Il agit avant de prendre conscience de ses actes car poussé par une passion
extrême: enlèvement de M. , jeux clandestins, se déguise et ment pour paraître
le jeune frère de Manon devant le vieux GM…
Sa culpabilité est atténuée par l’innocence de ses intentions et par la fatalité
dont il ne peut s’affranchir : « Mes malheurs sont au comble ; il ne me reste
plus qu’à m’y soumettre...Adieu, je vais aider mon mauvais sort à consommer
ma ruine, en y courant moi-même volontairement. »

B/ Manon

Comme le dit Montesquieu, Manon est une catin menée à la Salpêtrière. Il faut
attendre le XX ème siècle pour avoir une lecture sociale du personnage : Manon
est une fille du peuple en lutte contre les oppressions sociales.
Elle incarne la fatalité et l’amoralité qui entraînent DG vers la pente ; elle a une
emprise totale sur lui.
Elle a un goût pour la liberté et le luxe ; elle vit dans le présent et ne pense à
l’avenir que lorsque celui-ci est menaçant.
Sa légèreté ne l’empêche pas d’éprouver pour DG un amour sincère : « Votre
coeur sans lequel il est impossible que je vive. » Capable à la fois d’être tendre
et dévouée, elle n’en reste pas moins égoïste si une occasion de satisfaire une
fantaisie se présente.
Elle ne parviendra à comprendre la passion de DG que lorsqu’elle découvrira
son dévouement et son sacrifice ; son dernier adieu traduit la vénération qu’elle
a pour lui.
C/ Tiberge

Ami fidèle, symbolise la vertu. Présent dès la rencontre des amants à Amiens, il
retrouve DG au Nouvel-Orléans après la mort de Manon et le ramène en France.
Il est pour DG la voix de sa conscience et de sa raison oubliée , un confesseur.

D/ Le père de DG

A un rôle important ; bafoué dans son honneur par son fils, il ordonne la
déportation de Manon et devient l’instrument indirect de sa mort. Il est la voix
de la loi sociale qui jette l’anathème sur le désordre d’une société nobiliaire.

E/ Le frère de Manon

Il incarne le double négatif de Tiberge. Apparemment favorable au bonheur des


amants, il est dans les faits, l’instrument de leur perte.

III/ LE ROLE DE L’ARGENT

L’argent apparaît comme l’élément corrupteur d’un amour innocent.

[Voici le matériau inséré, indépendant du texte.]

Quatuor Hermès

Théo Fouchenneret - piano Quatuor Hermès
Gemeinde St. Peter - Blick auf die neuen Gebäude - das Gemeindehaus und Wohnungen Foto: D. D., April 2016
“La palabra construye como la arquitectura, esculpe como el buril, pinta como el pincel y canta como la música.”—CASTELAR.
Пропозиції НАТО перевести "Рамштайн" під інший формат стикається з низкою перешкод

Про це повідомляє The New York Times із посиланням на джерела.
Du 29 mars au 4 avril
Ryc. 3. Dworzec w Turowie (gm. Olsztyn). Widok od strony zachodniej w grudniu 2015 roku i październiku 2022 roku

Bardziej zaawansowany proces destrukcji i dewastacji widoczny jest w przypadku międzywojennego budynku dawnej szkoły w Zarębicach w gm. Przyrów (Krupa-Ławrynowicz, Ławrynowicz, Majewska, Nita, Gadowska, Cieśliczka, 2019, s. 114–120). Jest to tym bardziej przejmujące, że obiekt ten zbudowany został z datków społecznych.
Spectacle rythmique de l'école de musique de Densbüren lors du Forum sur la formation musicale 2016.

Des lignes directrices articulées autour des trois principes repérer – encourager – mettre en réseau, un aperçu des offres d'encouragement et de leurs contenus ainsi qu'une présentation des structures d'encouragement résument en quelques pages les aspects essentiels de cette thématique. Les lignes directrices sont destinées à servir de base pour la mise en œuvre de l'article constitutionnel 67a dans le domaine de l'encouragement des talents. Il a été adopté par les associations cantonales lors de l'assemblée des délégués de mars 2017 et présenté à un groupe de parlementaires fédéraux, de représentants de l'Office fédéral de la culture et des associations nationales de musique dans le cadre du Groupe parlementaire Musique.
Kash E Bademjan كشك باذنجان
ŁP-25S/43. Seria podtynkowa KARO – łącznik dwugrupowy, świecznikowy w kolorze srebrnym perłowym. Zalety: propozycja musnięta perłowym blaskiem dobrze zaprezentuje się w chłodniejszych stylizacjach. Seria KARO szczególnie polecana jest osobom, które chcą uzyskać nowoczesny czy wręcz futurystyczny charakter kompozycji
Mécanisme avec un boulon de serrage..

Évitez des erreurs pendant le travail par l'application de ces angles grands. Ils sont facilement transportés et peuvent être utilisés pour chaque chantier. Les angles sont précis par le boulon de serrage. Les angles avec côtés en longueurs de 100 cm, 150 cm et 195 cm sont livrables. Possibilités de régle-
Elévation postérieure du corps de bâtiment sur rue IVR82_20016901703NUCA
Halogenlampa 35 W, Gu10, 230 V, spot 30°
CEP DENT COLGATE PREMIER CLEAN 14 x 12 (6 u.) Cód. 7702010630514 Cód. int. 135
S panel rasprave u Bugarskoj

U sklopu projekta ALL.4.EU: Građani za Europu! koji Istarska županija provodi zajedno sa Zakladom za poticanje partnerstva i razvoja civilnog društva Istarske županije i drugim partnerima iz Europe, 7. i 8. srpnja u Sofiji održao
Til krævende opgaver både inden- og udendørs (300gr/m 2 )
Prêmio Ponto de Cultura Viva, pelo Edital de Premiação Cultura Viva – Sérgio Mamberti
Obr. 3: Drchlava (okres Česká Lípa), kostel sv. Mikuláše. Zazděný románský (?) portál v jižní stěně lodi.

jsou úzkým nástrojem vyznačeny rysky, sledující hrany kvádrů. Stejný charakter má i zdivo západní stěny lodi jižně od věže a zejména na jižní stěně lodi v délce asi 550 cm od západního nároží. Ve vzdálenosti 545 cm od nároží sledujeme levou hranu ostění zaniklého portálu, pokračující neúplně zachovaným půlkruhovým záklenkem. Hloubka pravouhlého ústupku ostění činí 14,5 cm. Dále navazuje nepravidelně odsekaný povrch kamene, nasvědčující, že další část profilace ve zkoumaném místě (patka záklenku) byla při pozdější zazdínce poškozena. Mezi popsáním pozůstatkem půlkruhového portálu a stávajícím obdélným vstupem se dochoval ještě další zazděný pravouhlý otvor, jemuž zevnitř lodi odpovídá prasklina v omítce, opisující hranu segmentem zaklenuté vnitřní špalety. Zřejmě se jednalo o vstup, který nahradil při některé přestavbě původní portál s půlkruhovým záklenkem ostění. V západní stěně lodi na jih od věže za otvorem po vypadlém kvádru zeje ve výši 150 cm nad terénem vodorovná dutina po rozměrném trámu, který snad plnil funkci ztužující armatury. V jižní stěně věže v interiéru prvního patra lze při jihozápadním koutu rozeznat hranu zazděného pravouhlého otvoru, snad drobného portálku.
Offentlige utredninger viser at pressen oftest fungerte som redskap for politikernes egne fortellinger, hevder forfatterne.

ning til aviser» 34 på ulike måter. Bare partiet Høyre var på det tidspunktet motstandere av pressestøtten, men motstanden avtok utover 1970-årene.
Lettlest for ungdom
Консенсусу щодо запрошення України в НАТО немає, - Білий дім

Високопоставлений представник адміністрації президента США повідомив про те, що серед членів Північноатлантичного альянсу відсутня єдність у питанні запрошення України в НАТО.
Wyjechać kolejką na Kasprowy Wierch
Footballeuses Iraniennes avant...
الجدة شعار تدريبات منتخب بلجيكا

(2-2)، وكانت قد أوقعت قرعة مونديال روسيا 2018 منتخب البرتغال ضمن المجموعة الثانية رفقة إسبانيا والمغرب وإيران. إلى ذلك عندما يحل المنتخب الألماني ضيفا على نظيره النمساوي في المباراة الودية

D’entrée, le roman impose ce thème dans toute sa violence : l’aventure
amoureuse est liée à une quête financière ; l’amant est un héros dégradé, réduit
à acheter les gardes d’une amante promise à la déportation.
L’argent a un double rôle : il apparaît à la fois comme un élément favorable à
la passion et comme un obstacle. Il est primordial pour la quête amoureuse :
Manon ne lui reste fidèle que s’il est riche : « Elle aimait trop l’abondance et le
luxe pour me les sacrifier » constate amèrement DG après le vol de leurs
économies à Chaillot. Chaque déconvenue financière (incendie de maison, vol)
relance le héros dans une quête frénétique d’argent qui le conduit de
compromissions en compromissions ; il joue, il triche, il trompe.
La déportation au Nouvel-Orléans permet aux amants d’échapper au cycle
infernal de l’argent mais ce renoncement à l’argent et au luxe aboutit à la
catastrophe finale : la mort de Manon.

IV/ LE TRAGIQUE

Le marquis de Renoncourt, dans l’avis de l’auteur, annonce l’histoire d’un


jeune homme « aveugle » qui se précipite dans les pires infortunes. Le ton de la
tragédie est ainsi donné ; voici un héros qui se laisse entraîner par son destin.
A/ Un héros tragique

DG peut être considéré comme un héros car il est confronté à un grand


nombre de malheurs qu’il surmonte avec grandeur d’âme au risque d’y trouver
la mort.
Les infortunes du personnage jalonnent le récit : 3 trahisons de Manon suivies
de 3 séquestrations. Ces coups du sort suscitent chez DG des réactions violentes
vis à vis de Manon : « infidèle », « inconstante », « cruelle ».
Les paroles du père ont parfois des accents raciniens : « va, cours à ta perte.
Adieu fils ingrat et rebelle ».
Mais DG sait montrer une grandeur d’âme et préfère la mort plutôt que d’être
trompé ; il entraîne Manon dans sa longue marche vers la pureté et la vertu

B/ Un destin tragique

Comme dans la tragédie, le récit de DG doit susciter la terreur et la pitié ; ainsi,


le personnage se tourne vers son passé et ne comprend pas pourquoi sa vie fut
bouleversée. Il éprouve les mêmes difficultés à analyser ses sentiments après la
mort de Manon et craint de ne pouvoir terminer son récit :« Je crains de manquer
de force pour achever le récit du plus funeste événement qui fût jamais ».